On Mon, 2015-10-05 at 07:20 +0000, Bhushan Bharat wrote:
> 
> 
> > -----Original Message-----
> > From: Alex Williamson [mailto:alex.william...@redhat.com]
> > Sent: Saturday, October 03, 2015 4:17 AM
> > To: Bhushan Bharat-R65777 <bharat.bhus...@freescale.com>
> > Cc: kvm...@lists.cs.columbia.edu; kvm@vger.kernel.org;
> > christoffer.d...@linaro.org; eric.au...@linaro.org; pranavku...@linaro.org;
> > marc.zyng...@arm.com; will.dea...@arm.com
> > Subject: Re: [RFC PATCH 5/6] vfio-pci: Create iommu mapping for msi
> > interrupt
> > 
> > On Wed, 2015-09-30 at 20:26 +0530, Bharat Bhushan wrote:
> > > An MSI-address is allocated and programmed in pcie device during
> > > interrupt configuration. Now for a pass-through device, try to create
> > > the iommu mapping for this allocted/programmed msi-address.  If the
> > > iommu mapping is created and the msi address programmed in the pcie
> > > device is different from msi-iova as per iommu programming then
> > > reconfigure the pci device to use msi-iova as msi address.
> > >
> > > Signed-off-by: Bharat Bhushan <bharat.bhus...@freescale.com>
> > > ---
> > >  drivers/vfio/pci/vfio_pci_intrs.c | 36
> > > ++++++++++++++++++++++++++++++++++--
> > >  1 file changed, 34 insertions(+), 2 deletions(-)
> > >
> > > diff --git a/drivers/vfio/pci/vfio_pci_intrs.c
> > > b/drivers/vfio/pci/vfio_pci_intrs.c
> > > index 1f577b4..c9690af 100644
> > > --- a/drivers/vfio/pci/vfio_pci_intrs.c
> > > +++ b/drivers/vfio/pci/vfio_pci_intrs.c
> > > @@ -312,13 +312,23 @@ static int vfio_msi_set_vector_signal(struct
> > vfio_pci_device *vdev,
> > >   int irq = msix ? vdev->msix[vector].vector : pdev->irq + vector;
> > >   char *name = msix ? "vfio-msix" : "vfio-msi";
> > >   struct eventfd_ctx *trigger;
> > > + struct msi_msg msg;
> > > + struct vfio_device *device;
> > > + uint64_t msi_addr, msi_iova;
> > >   int ret;
> > >
> > >   if (vector >= vdev->num_ctx)
> > >           return -EINVAL;
> > >
> > > + device = vfio_device_get_from_dev(&pdev->dev);
> > 
> > Have you looked at this function?  I don't think we want to be doing that
> > every time we want to poke the interrupt configuration.
> 
> I am trying to describe what I understood, a device can have many interrupts 
> and we should setup iommu only once, when called for the first time to 
> enable/setup interrupt.
> Similarly when disabling the interrupt we should iommu-unmap when called for 
> the last enabled interrupt for that device. Now with this understanding, 
> should I move this map-unmap to separate functions and call them from 
> vfio_msi_set_block() rather than in vfio_msi_set_vector_signal()

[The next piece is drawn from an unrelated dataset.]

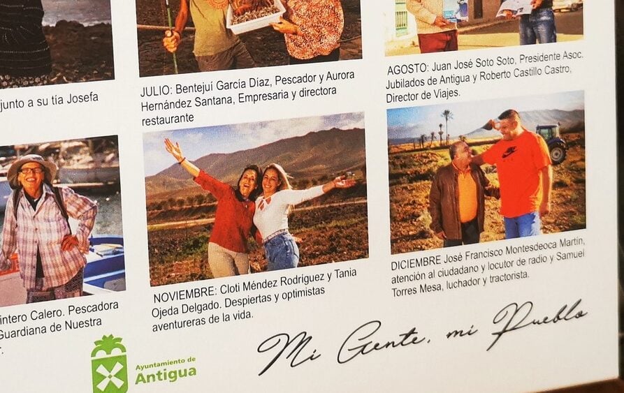 - Con el título Mi gente, mi pueblo, el Ayuntamiento de Antigua presenta y recupera la distribución de un calendario de sobremesa en el que participan una veintena de vecinos y vecinas del Municipio.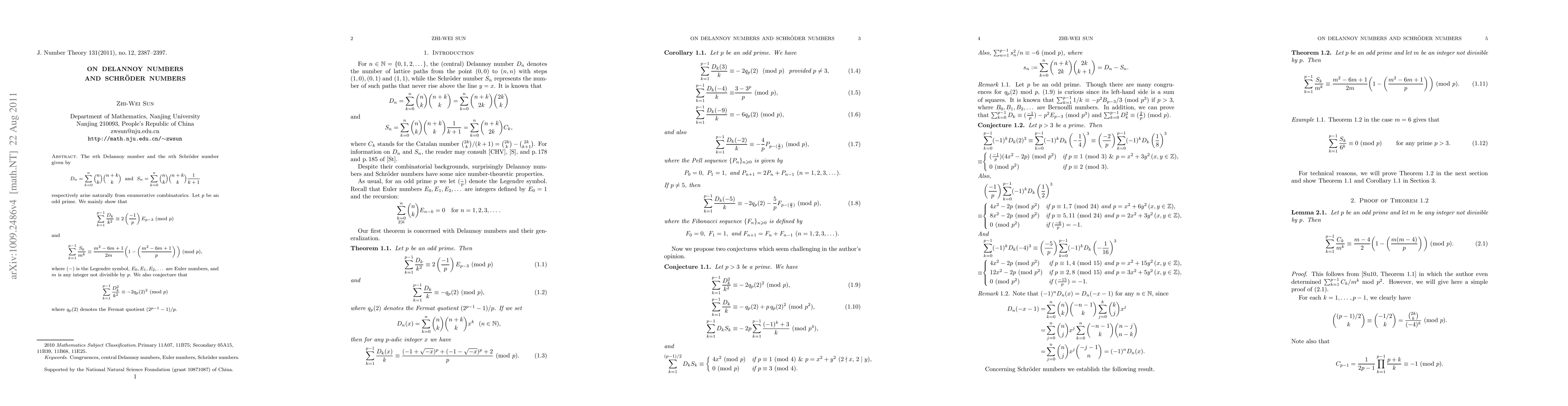 This paper explores the properties of Delannoy and Schröder numbers, proving congruences modulo an odd prime p for their sums divided by powers of integers. It establishes specific results involving the Legendre symbol and Euler numbers, and conjectures a similar congruence for the sum of squares of Delannoy numbers divided by squares of integers.

Interrupts can be setup and torn down at any time and I don't see how
one function or the other makes much difference.
vfio_device_get_from_dev() is enough overhead that the data we need
should be cached if we're going to call it with some regularity.  Maybe
vfio_iommu_driver_ops.open() should be called with a pointer to the
vfio_device... or the vfio_group.

> >  Also note that
> > IOMMU mappings don't operate on devices, but groups, so maybe we want
> > to pass the group.
> 
> Yes, it operates on group. I hesitated to add an API to get group. Do you 
> suggest to that it is ok to add API to get group from device.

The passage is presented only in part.